Table 5. Classification accuracy with Textural and Structural data as input.

Distance and Directions		Classification Model Accuracy
		With Textural Data Only			With Textural and Structural Data
		Decision Trees	SVM	Ensemble	Decision Trees	SVM	Ensemble
d = 1	011	81.6	82.5	82.1	86.8	85.9	84.6
	100	81.2	84.6	82.9	88	86.8	88.5
	101	82.9	82.9	83.8	86.3	85.5	86.8
	110	82.5	84.2	85	85.9	87.2	87.6
	111	79.5	83.3	82.1	86.3	87.2	86.8
	11–1	79.9	82.1	80.3	88	85.5	90.2
	001	82.5	83.3	82	88.5	86.6	86.3
	01–1	82.9	83.3	82.9	88	86.8	86.3
	010	80.8	84.2	83.8	85.9	85.9	88
	10–1	81.2	83.8	81.6	88.5	85.9	88.9
	−11–1	82.1	84.2	82.9	86.3	86.3	86.8
	−110	82.9	84.2	82.5	88	86.3	87.6
	−111	81.6	84.6	80.8	88.9	85.9	86.8
d = 2	022	81.6	81.2	83.8	85.9	85.9	84.6
	200	80.3	85.9	81.6	85	85.5	86.3
	202	80.3	83.3	84.2	87.2	86.8	86.8
	220	81.6	84.2	81.2	88	86.8	88
	222	79.1	82.9	80.3	87.2	85.9	88.5
	22–2	79.9	82.1	82.9	88	86.8	86.3
	002	80.8	83.3	81.6	88.5	85	87.2
	02–2	82.5	82.5	79.9	85.9	87.2	86.3
	020	82.5	83.8	83.8	88.9	86.3	87.6
	20–2	80.8	84.2	80.8	84.2	85.9	87.6
	−22–2	83.3	84.2	84.2	85	85.5	88
	−220	80.3	84.2	82.9	86.3	86.3	88.5
	−222	82.1	80.8	82.1	87.2	85.5	85.5

represents the classification accuracy with Textural and structural data as input.

The texture features were merged with volume and age data.

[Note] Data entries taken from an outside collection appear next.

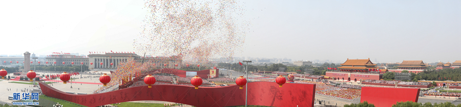 10月1日上午,庆祝中华人民共和国成立70周年大会在北京天安门广场隆重举行。这是天安门广场上放飞气球(拼接照片)。 新华社记者 金立旺 摄
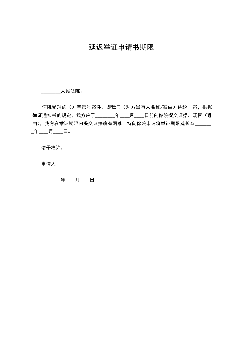 你院受理的()字第号案件,即我与(对方当事人名称/案由)纠纷一案,根据举证通知书的规定,我方应于________年____月____日前向你院提交证据。现因(理由),我方在举证期限内提交证据确有困难,特向你院申请将举证期限延长至________年____月____日。
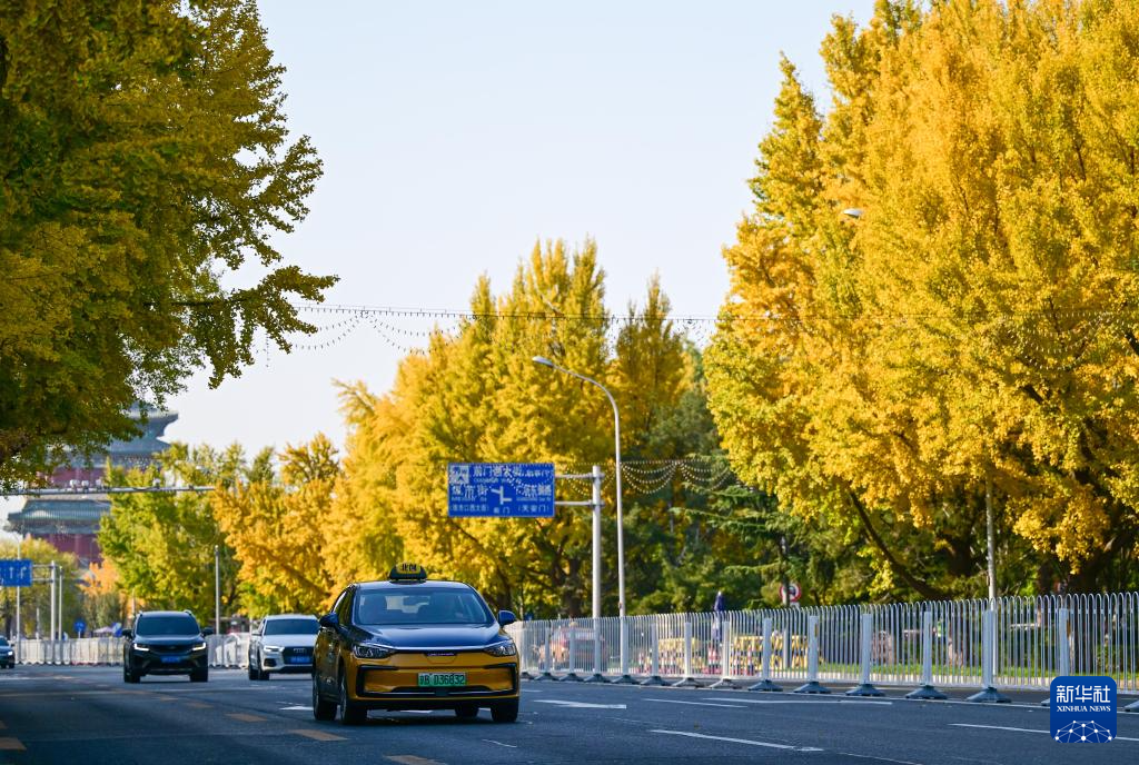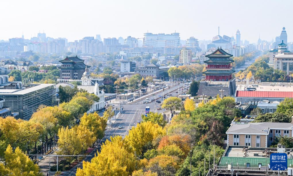 11月3日拍摄的北京前门东大街秋色。 正值深秋,北京街头秋色斑斓,景色怡人。 新华社记者 陈晔华 摄
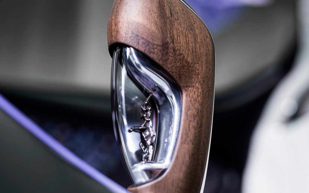 At the center of the interior sits one of Bugatti’s signature details: the Rembrandt Bugatti “Dancing Elephant,” encased in tinted glass that harmonizes with the surrounding color scheme. It serves as a subtle nod to the brand’s artistic heritage, reinforcing the connection between mechanical engineering and fine art.
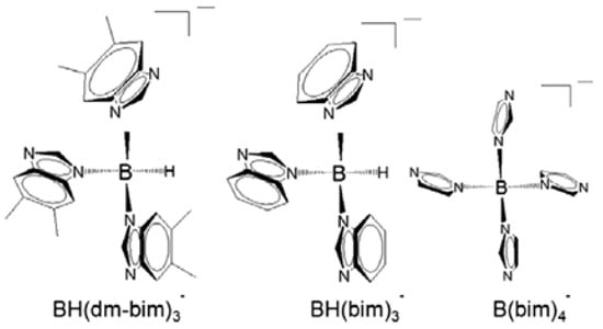 All BIF materials contain the ultra-lightweight element B constituting a strong covalent bond (B-N) in the three- or four-connected boron imidazolate ligands (Scheme 2). These distinct features of the boron imidazolate frameworks assist to their rational design for the specific task. Note that the use of B3+ as the framework polyhedral node is very attractive from practical point of view because boron is one of the lightest elements allowing to decrease the density of the produced BIF matrix [36]. For instance, some BIF materials, namely lithium–boron imidazolates, are regarded as promising materials designated for hydrogen storage.

While the model was trained just on GLCM features, accuracy ranged from 79.1% to 85%. When only volume data was provided, the maximum accuracy was 87.2%. When the GLCM features dataset was paired with volume data, including the patient’s age and hippocampal volume, the accuracy improved up to 90.2%. The Ensemble Bagged Trees algorithm performed the best with the highest accuracy; one factor for better performance was the additional variables provided for the dataset. By including the structural data, a 4.38% improvement was observed on average.

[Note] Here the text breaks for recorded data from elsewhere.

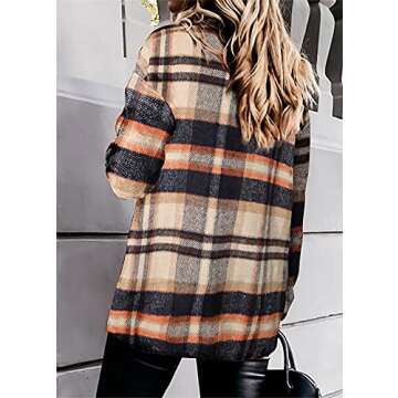 Womens Casual Oversized Long Sleeve Flannel Plaid Blouses Tops Button Down Jacket Orange X-Large
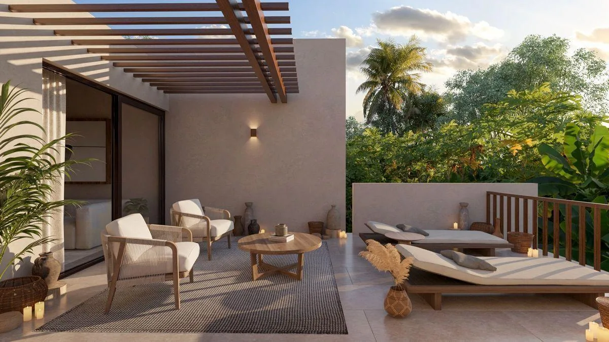 The sustainably designed villas are available in 2- and 3-bedroom configurations. Each features a spacious open floor plan with a kitchen island, a sun-filled living room, and a dining area. All residences open onto a covered terrace with a private pool and garden. The 3-bedroom villas include a large rooftop terrace with a sink and a bar area, providing space for outdoor dining and relaxation. The villas have tile floors and high-quality, durable finishes, and are unfurnished but equipped with air conditioning.
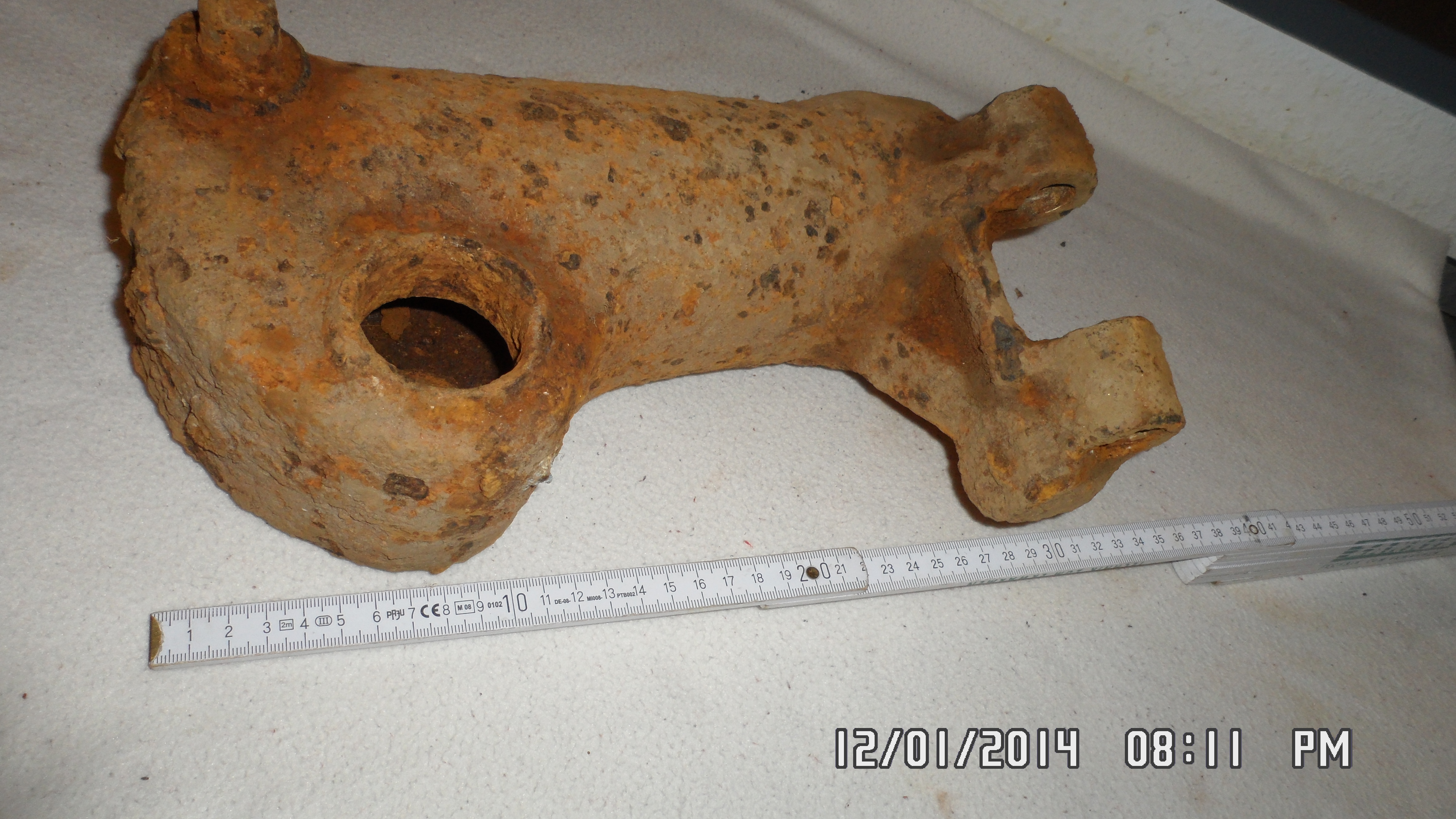 Was könnte denn das größere sein? Irgendein Maschinenteil. Es scheint Eisen zu sein. Aber wie kommt das auf einen Acker in 40cm Tiefe?
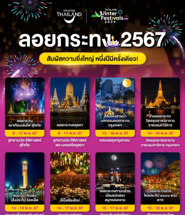今年,泰国水灯节将于11月15日盛大举行,但庆祝活动并不会仅限于这一天,而是会在整个11月中旬持续进行。曼谷作为泰国的首都,自然是庆祝活动的中心,但如果你想要体验更加地道的水灯节氛围,清迈、素可泰、普吉等旅游城市同样值得一游。
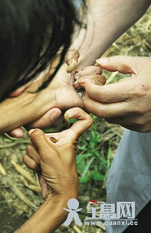 随后,记者沿着山路走了半个多小时才在山腰找到这对兄妹,一间不到两米宽的窝棚、几个麻袋就是他们的栖息之地,蓬头垢面的兄妹俩见到众人则一脸茫然。无论大家如何询问,哥哥始终只是以“嗯”回答,而妹妹则一言不发。记者发现,妹妹始终双拳紧握缩在胸前,由于常年重复这个动作,掌心已被手指甲挖出了四个小坑。
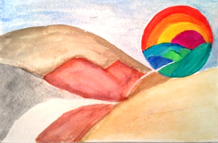 On a more positive note, I have enough toys to keep me busy for now so that I’m not falling back into grief mode. The Dragon speech recognition software, of course, is wonderful, and I have been enjoying splashing watercolors onto paper. Oddly, if two paintings could be considered a representative sample, I paint hope, which gives me hope for the future. (Is that redundant? Isn’t hope always for the future? As far as I know, there can be no hope for the past or even the present because the present is a done deal.) The picture that accompanies this post is my latest creative play endeavor.
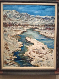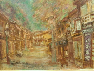 彼の受賞作「神橋」は日光の雪の神橋を幻想的に描いた作品です。いつもの展覧会の作品に比べ小品です。年に一度銀座や六本木で個展を開いています。
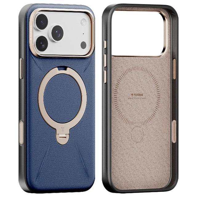 iPhone 17 Pro Max - TORRAS Ostand Spin Kunstlæder Cover m. Kickstand - MagSafe Kompatibel - Blå
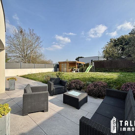 COUERON MAISON CONTEMPORAINE (141m² 4ch) Jardin Luminosité Calme Cette maison individuelle de 2015, située dans un lotissement calme, offre des espaces lumineux et fonctionnels pour toute la famille. Elle comprend : Au rez-de-chaussée : une entrée avec placard, une pièce de vie baignée de lumière grâce aux baies vitrées ouverte sur une cuisine aménagée et équipée (hotte, plaques, four, micro-ondes, lave-vaisselle, réfrigérateur-congélateur). La terrasse (avec SPA) est accessible depuis la pièce de vie et la suite parentale, qui dispose égale...
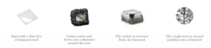 A small diamond seed is placed into the carbon. This seed is processed using either of the 3 processes – belt press, cubic press, and the split sphere (BARS) press. The seeds are exposed to a temperature as high as 1500℃ and pressurised to 1.5 million pounds per square inch. At such an extreme temperature and pressure, the carbon melts to form a diamond. It is then cooled to form a pure diamond.
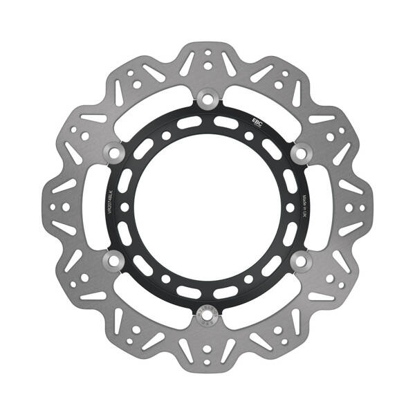 Tarcze Sport Bike Disc z serii VEE marki EBC Brakes, o czarnym centrum, są ręcznie budowane i poddawane szczegółowej kontroli tolerancji. Ich ultra lekka, ale jednocześnie wytrzymała konstrukcja sprawia, że są idealnym ulepszeniem OEM. Zastosowanie opatentowanego systemu przycisków o kwadratowym napędzie zapobiega luzowaniu i wibracjom, co jest typowe dla tańszych, okrągłych nitów lub przycisków.

The combination of features produce improvement by 4.38% on the structural data. Hence, it was observed as a better fit for the dataset. Figure 14 shows average accuracy for top performing machine learning algorithms applied on the data set.

Table 6. Classification accuracy based on texture analysis and machine learning techniques.

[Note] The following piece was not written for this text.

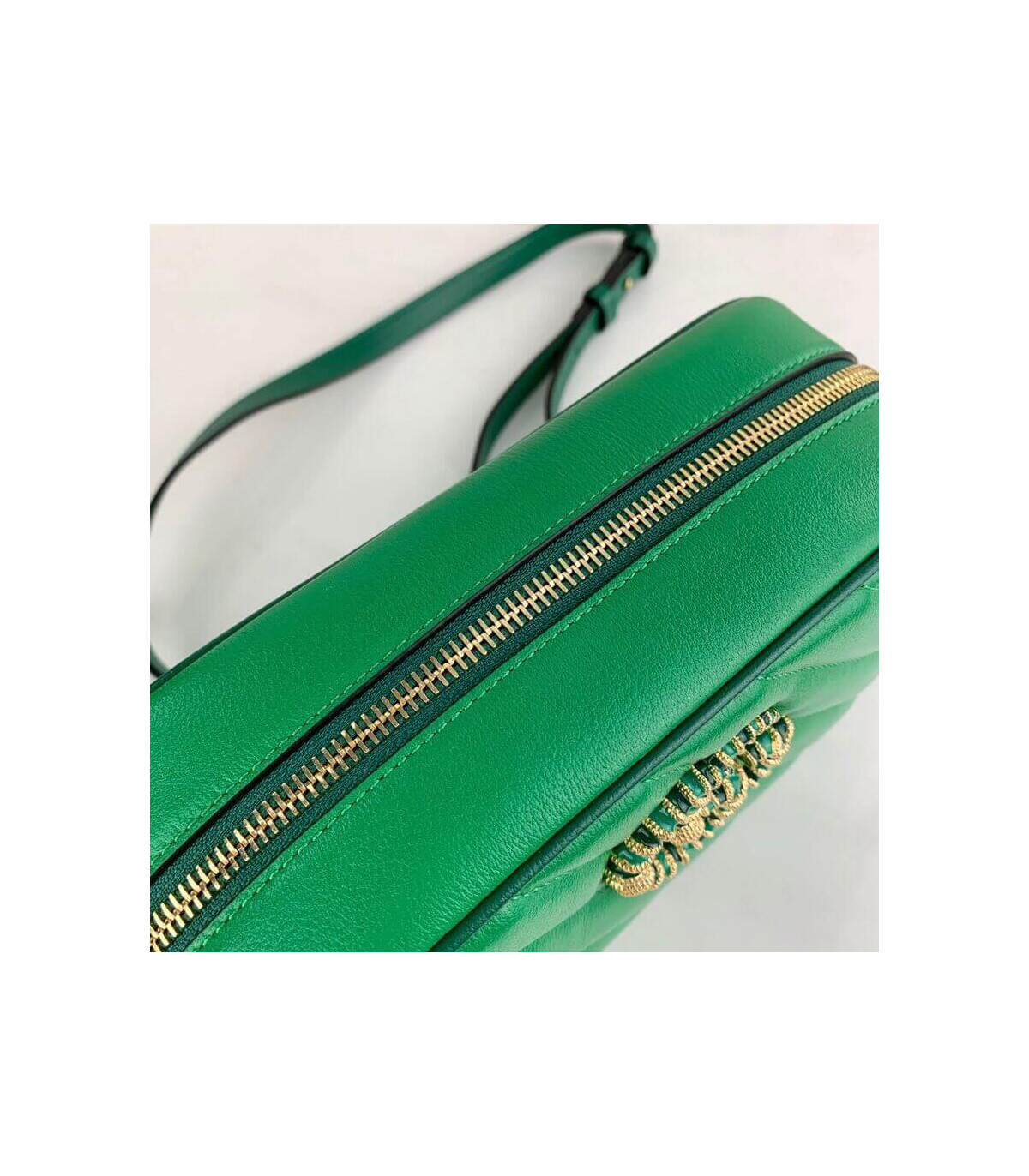 – Gold-toned hardware with green enamel

Author	Structure	Texture Analysis Method (Features)	Machine Learning Technique	Accuracy (%)
Xiao, Z. et al. [6]	Brain	GLCM, Gabor filter	SVM	For AD-CN data: 85.71
Oishi, K. et al. [33]	Gray Matter, White Matter, Cerebral Spinal Fluid and Background	Coefficient of Probability Changes	SVM	Maximum: 95 Average: 70
Kumar, K. et al. [34]	Brain	GLCM	k-NN	74.73
Luk, C.C. et al. [35]	Brain	3D GLCM	-	Maximum: 90.5 Average: 76
Chaddad, A. et al. [36]	Brain	3D GLCM	Ensemble	74.19
Madusanka, N. et al. [37]	Hippocampus	3D GLCM	SVM	86.61
Ranjbar, S. et al. [38]	Hippocampus	Hippocampal Volume	Diagonal Quadratic Discriminant Analysis (Naïve Bayes)	89

summarizes the classification accuracy based on texture analysis and machine learning techniques.

4. Conclusions

AD is one of the world’s leading causes of death from neurological disorders. The number of people with Alzheimer’s is steadily rising over the world. The neurologist’s manual diagnosis approach for AD is time-consuming and may not always yield correct results. One of the most significant elements in using brain images to classify AD is feature extraction. It is revealed that all 20 features retrieved from the GLCM of the participants’ MRI are not required. It is observed that the crucial eight features contribute the most to the classification of the individuals using the F-type statistics test. According to the results, the classification accuracy declines as the distance between neighbouring pixels increases. The comparisons demonstrate that using structural data, textural data, and age as input combined improves classification accuracy. The top-performing algorithms were Ensemble and Decision Trees, with a classification accuracy of 90.2% and 88.5%, respectively, and SVM, with a classification accuracy of 87.2%. The subject classification was on par with research articles that have used feature extraction using various image processing techniques [39].